Wednesday, February 23, 2005

Another twist in Rambus/Hynix case?

from techworld

The district court (D Northern Ca]in the infringement case scheduled for trial April 11, 2005 has ordered Hynix to produce a document allegedly revealing details of a secret DRAM manufacturers' cartel that Rambus claims was called "the JRA Group".

The court also ordered that Rambus be provided details of a joint defense agreement apparently entered into in August 2000 by several semi-conductor manufacturers, including three DRAM makers: Hynix; Micron; and Infineon.

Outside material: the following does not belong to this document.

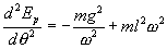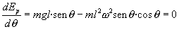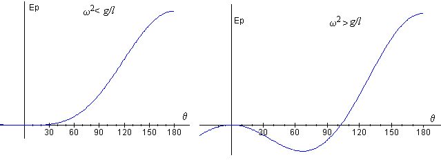 La fuerza centrífuga depende solamente de la distancia x al eje de rotación, es una fuerza conservativa similar a la que ejerce de un muelle elástico. La fuerza que ejerce un muelle elástico es de sentido contrario al desplazamiento F=-kx, su energía potencial es positiva Ep=kx2/2 La fuerza centrífuga tiene el mismo sentido que el desplazamiento F=mw 2·x y su energía potencial será por tanto negativa Ec=- m w 2x2/2. La energía potencial inicial para x=0, se toma como Ec=0. Cuando el péndulo se ha desviado un ángulo q , el desplazamiento horizontal es x= l·senq . La energía potencial total de la partícula será la suma de ambas contribuciones Ep=Eg+Ec. La condición de equilibrio se establece cuando Ep sea un extremo (máximo o mínimo) Que proporciona dos soluciones θ=0 ó π La estabilidad de la solución depende de la derivada segunda.
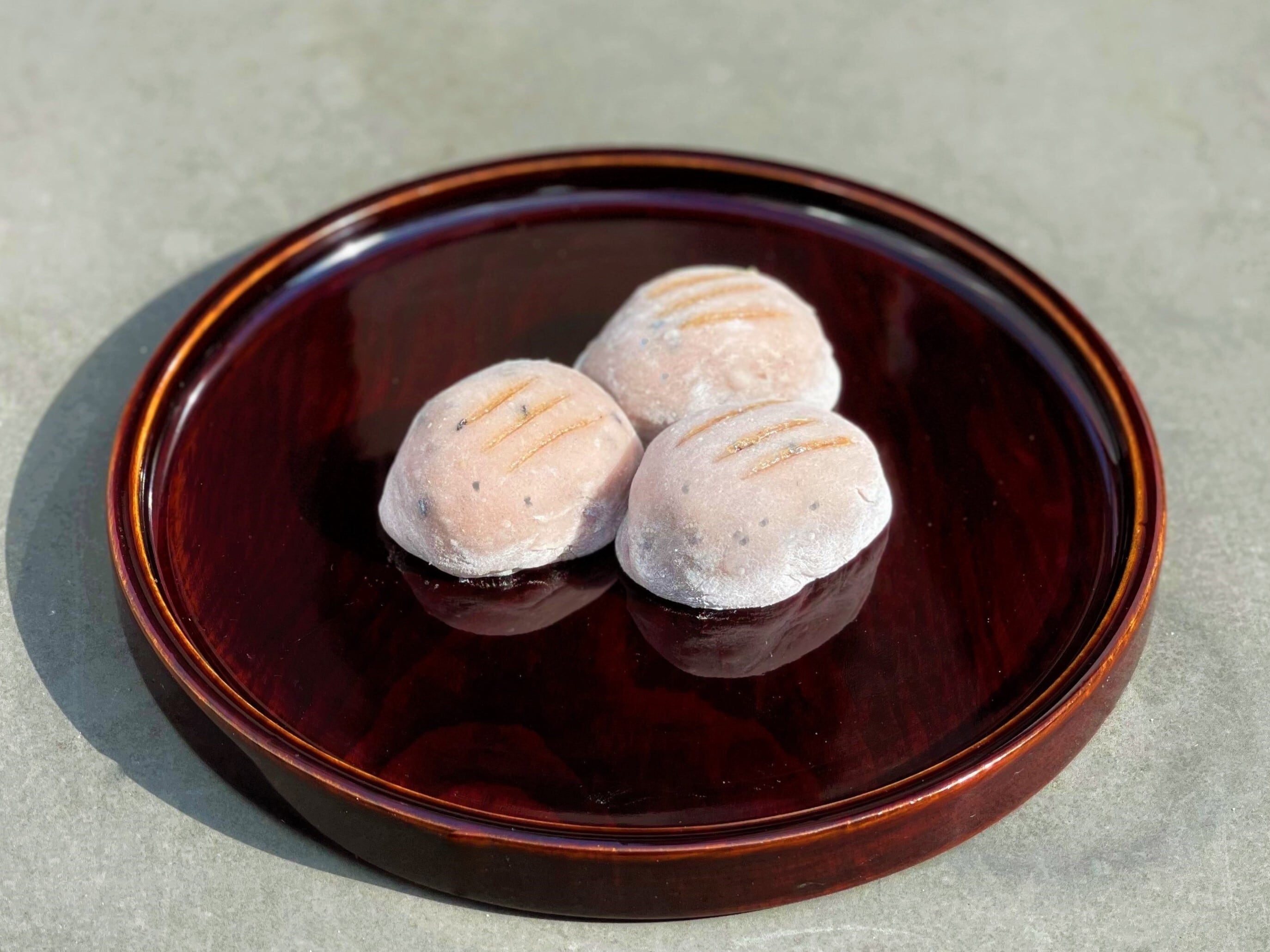 餡と黒ごまを練りこんだ滑らかな求肥餅で、しっとりとしたこし餡を包みました。

Hynix has asserted that these documents are privileged and need not be produced under a joint-defense agreement. The documents apparently include communications between Hynix and its competitors regarding Rambus and its patents.

John Danforth, a senior VP and general counsel at Rambus, said: "While we cannot know the contents of the documents withheld on the basis of a claim of 'joint defense', they seem to show a high degree of co-operation among defendants relating to Rambus and its patents. The dates of these documents may also be significant. They predate the design of new DRAM products using Rambus technology and fall in a time period when, according to the recent guilty pleas of one DRAM company and four of its executives, there existed a criminal conspiracy among certain DRAM companies to eliminate
competition."

***from Bloomberg -->
On the flip side, a lawyer for Infineon Technologies AG , concerning a different proceeding in Virgina, asserted Rambus Inc. destroyed documents knowing that competitors would need them to defend against the company's patent infringement lawsuits. Rambus, which doesn't make the chips it designs, claims its patents cover aspects of all chips made in the $26 billion memory- chip market. The company is seeking royalties from Infineon and other companies who refused to sign agreements to license its patents for dynamic random access memory, or DRAM. DRAM, the most common type of computer memory, loses its content when the power is turned off. DRAM chips are used in computers, digital cameras, mobile phones and other products.
Rambus sued Infineon for patent infringement in August 2000. Infineon counter-sued claiming Rambus should lose its patent rights because of its fraudulent participation in the Joint Electronic Device Engineering Council [JEDEC], a memory-chip standards committee.


***
Of the patent/antitrust boundary, in September 2004, Infineon pleaded guilty to fixing memory prices and agreed to pay a $160 million fine, the US Department of Justice (DoJ) has announced. The fine is the third largest in the history of the DoJ's anti-trust division.

The DoJ charged Infineon with violating the Sherman Anti-trust Act by conspiring with unnamed DRAM manufacturers between July 1999 and June 2002 to fix prices on DRAM sold to computer and server vendors.